◆ Task instructions: An exact transcription is needed of the lines below from the one with "23. Инженеры-проектировщики демонстрируют" through the one with "Genshin Impact, Tight Clothing, Floating, Brown", with no other lines and no pictures.

◆ Records provided:

+---+

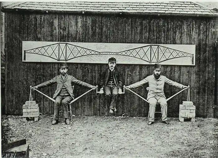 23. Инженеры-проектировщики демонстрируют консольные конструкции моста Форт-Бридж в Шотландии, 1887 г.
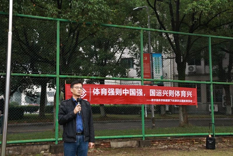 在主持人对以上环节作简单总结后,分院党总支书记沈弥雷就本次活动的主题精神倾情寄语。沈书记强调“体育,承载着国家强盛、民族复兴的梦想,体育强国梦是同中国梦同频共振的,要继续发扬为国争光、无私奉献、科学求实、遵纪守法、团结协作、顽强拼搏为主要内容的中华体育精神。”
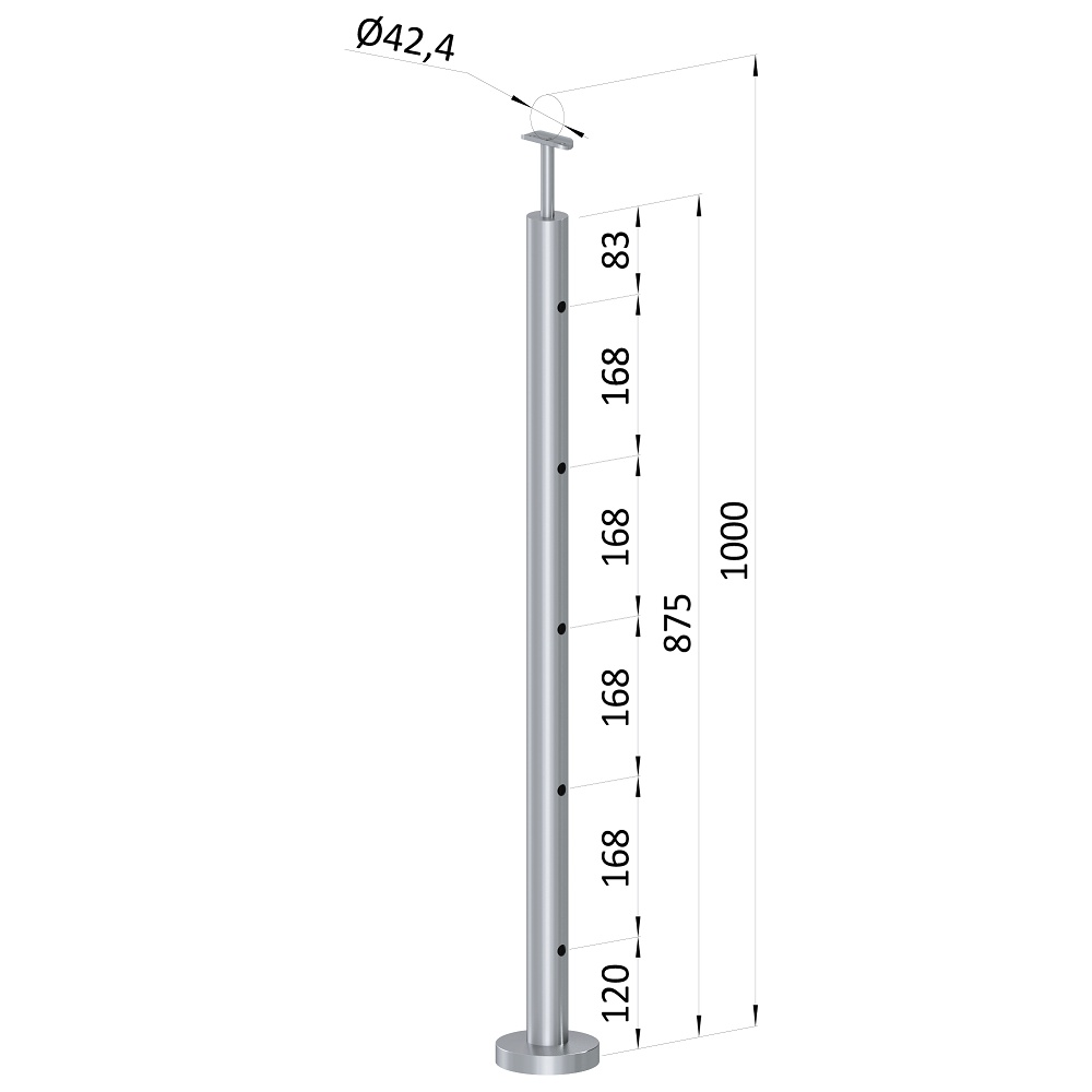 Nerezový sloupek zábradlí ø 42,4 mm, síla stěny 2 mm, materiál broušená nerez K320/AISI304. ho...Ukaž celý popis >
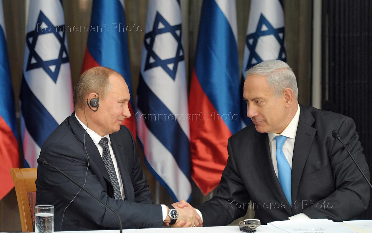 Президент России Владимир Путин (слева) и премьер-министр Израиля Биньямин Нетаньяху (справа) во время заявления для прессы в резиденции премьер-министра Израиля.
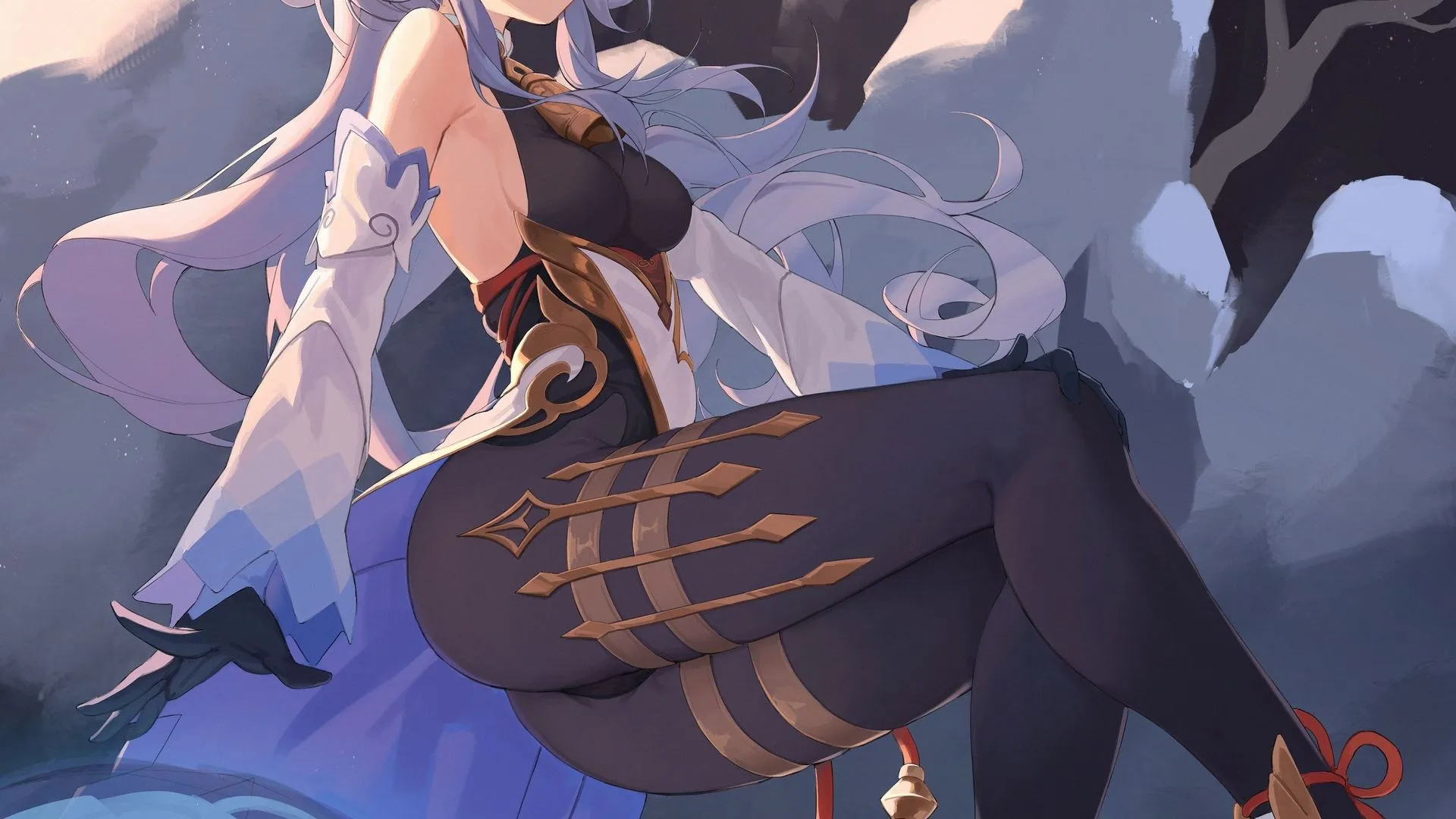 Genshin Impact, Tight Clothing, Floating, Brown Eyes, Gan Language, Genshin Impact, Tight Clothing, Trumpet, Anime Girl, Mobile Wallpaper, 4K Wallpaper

+---+

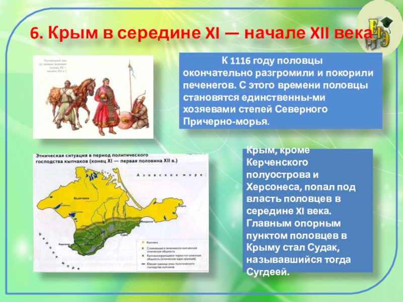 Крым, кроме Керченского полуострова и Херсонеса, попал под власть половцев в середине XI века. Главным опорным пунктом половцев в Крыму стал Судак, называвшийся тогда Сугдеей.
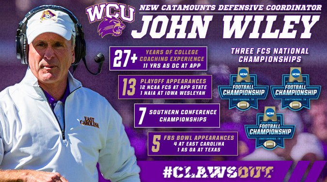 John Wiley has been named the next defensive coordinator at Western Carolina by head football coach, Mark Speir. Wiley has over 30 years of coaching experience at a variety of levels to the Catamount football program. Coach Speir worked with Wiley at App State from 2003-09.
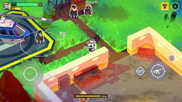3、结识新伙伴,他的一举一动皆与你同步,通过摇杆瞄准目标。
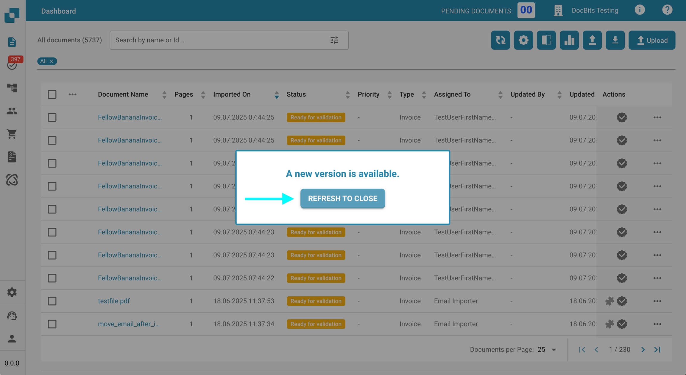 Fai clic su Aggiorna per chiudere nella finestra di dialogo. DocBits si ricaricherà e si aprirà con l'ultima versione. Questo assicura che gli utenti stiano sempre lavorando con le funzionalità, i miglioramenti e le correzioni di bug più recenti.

+---+

◆ Solution below:
 23. Инженеры-проектировщики демонстрируют консольные конструкции моста Форт-Бридж в Шотландии, 1887 г.
 在主持人对以上环节作简单总结后,分院党总支书记沈弥雷就本次活动的主题精神倾情寄语。沈书记强调“体育,承载着国家强盛、民族复兴的梦想,体育强国梦是同中国梦同频共振的,要继续发扬为国争光、无私奉献、科学求实、遵纪守法、团结协作、顽强拼搏为主要内容的中华体育精神。”
 Nerezový sloupek zábradlí ø 42,4 mm, síla stěny 2 mm, materiál broušená nerez K320/AISI304. ho...Ukaž celý popis >
 Президент России Владимир Путин (слева) и премьер-министр Израиля Биньямин Нетаньяху (справа) во время заявления для прессы в резиденции премьер-министра Израиля.
 Genshin Impact, Tight Clothing, Floating, Brown Eyes, Gan Language, Genshin Impact, Tight Clothing, Trumpet, Anime Girl, Mobile Wallpaper, 4K Wallpaper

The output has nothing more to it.